A variable similar to ProjectionCoordinateSystem will need to be added to the NetCDF files created by the write_grid function. I think that this variable should be independent of the variable which contains the Grid.projection attribute. Also the write_grid function should offer a flag which will skip writing this variable for cases when it is not needed or cannot be determine.

The CDM model which Java-netCDF uses only knows about a limited number of projections, so not all pyproj projections can be represented in the file. I'm planning on writing a function that will generate an appropriate CDM ProjectionCoordinateSystem variable given a Grid.projection dictionary. When there is not a mapping better the Grid.projection and a CDM projection, this function will inform the caller (raise an exception, return None, etc). In the write_grid function this will trigger a warnings and the variable will not be included in the output. User will also be able to pass their own version of this function if desired.

Finally, I think the regular_x, regular_y, and regular_z should be renamed to x, y, z. There is no requirement that the x, y, and z coordinate need have regular spacing, only that the final grid is rectilinear using x, y, and z and the orthogonal axes.

jjhelmus commented 8 years ago

I changed the dimensions in the Grid class and files to be named x, y, and z, added access to the PyProj Proj object by way of the Grid.projection_proj property, added a global Conventions attribute to the output grid files, and added a ProjectionCoordinateSystem variable to the file which should allow them to be used with tools using the Java NetCDF library (THREDDS, toolsUI, etc)
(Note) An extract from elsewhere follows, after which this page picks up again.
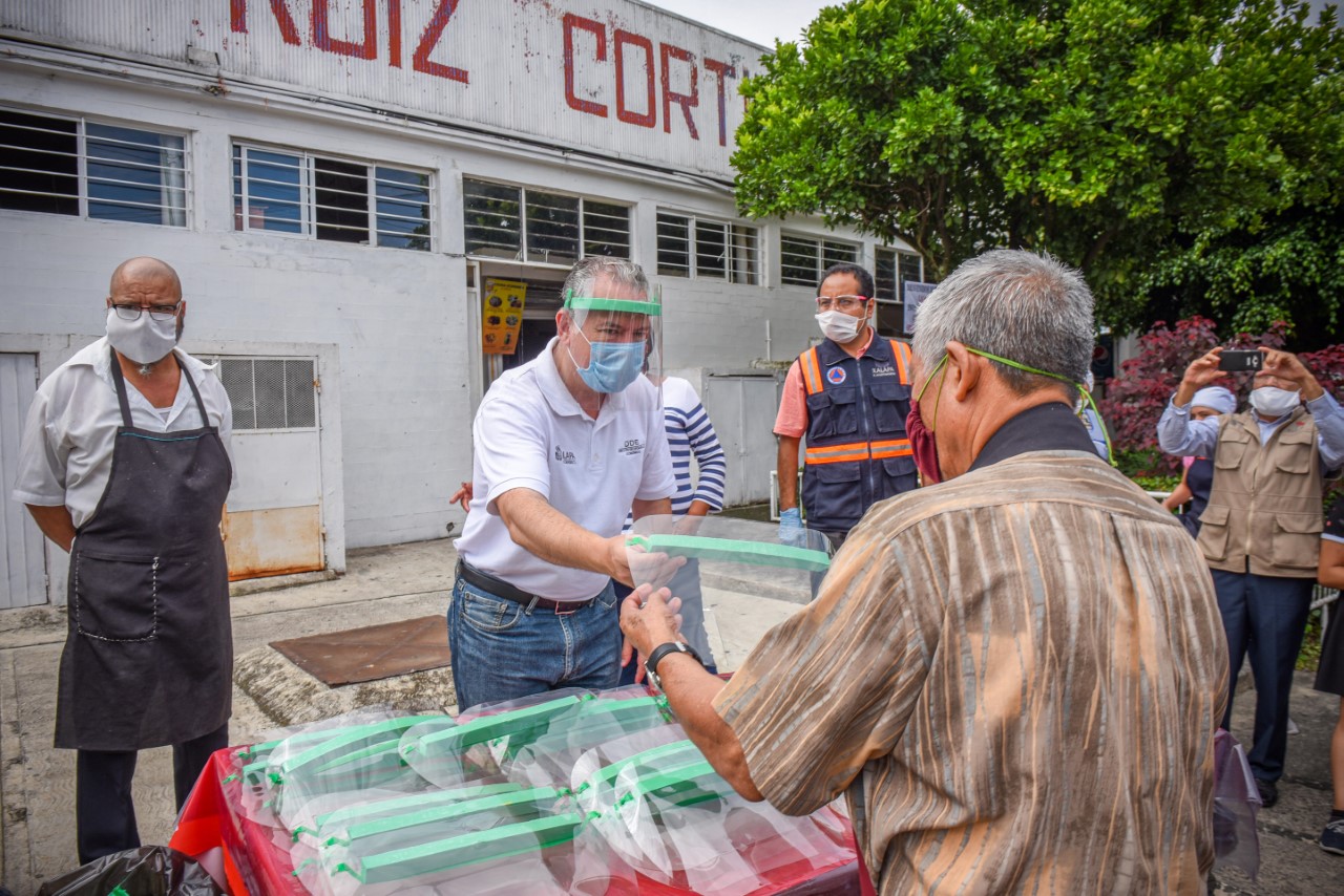 Xalapa, Ver.- Para reforzar las medidas de protección y de prevención de la enfermedad COVID-19 en mercados, tianguis y plazas, personal de las direcciones de Desarrollo Económico y Protección Civil municipal entregaron 200 caretas a locatarios del mercado Adolfo Ruiz Cortines, La Rotonda.

gamaanderson commented 8 years ago

Good. I've sent a file for testing in Simepar. I'm not sure if the lack of a _CoordinateSystems attribute in the field is a problem.

jjhelmus commented 8 years ago

It shouldn't according to the "Implicit Coordinate Systems" section at http://www.unidata.ucar.edu/software/thredds/current/netcdf-java/tutorial/CoordinateAttributes.html and it did not cause an issue when the tests I ran. Still having others test to see if the files work with their software would be helpful.

gamaanderson commented 8 years ago

The File worked in Simepar. I believe there are still some things to be done (graphic, mdv etc.), but those can be done in other PR's.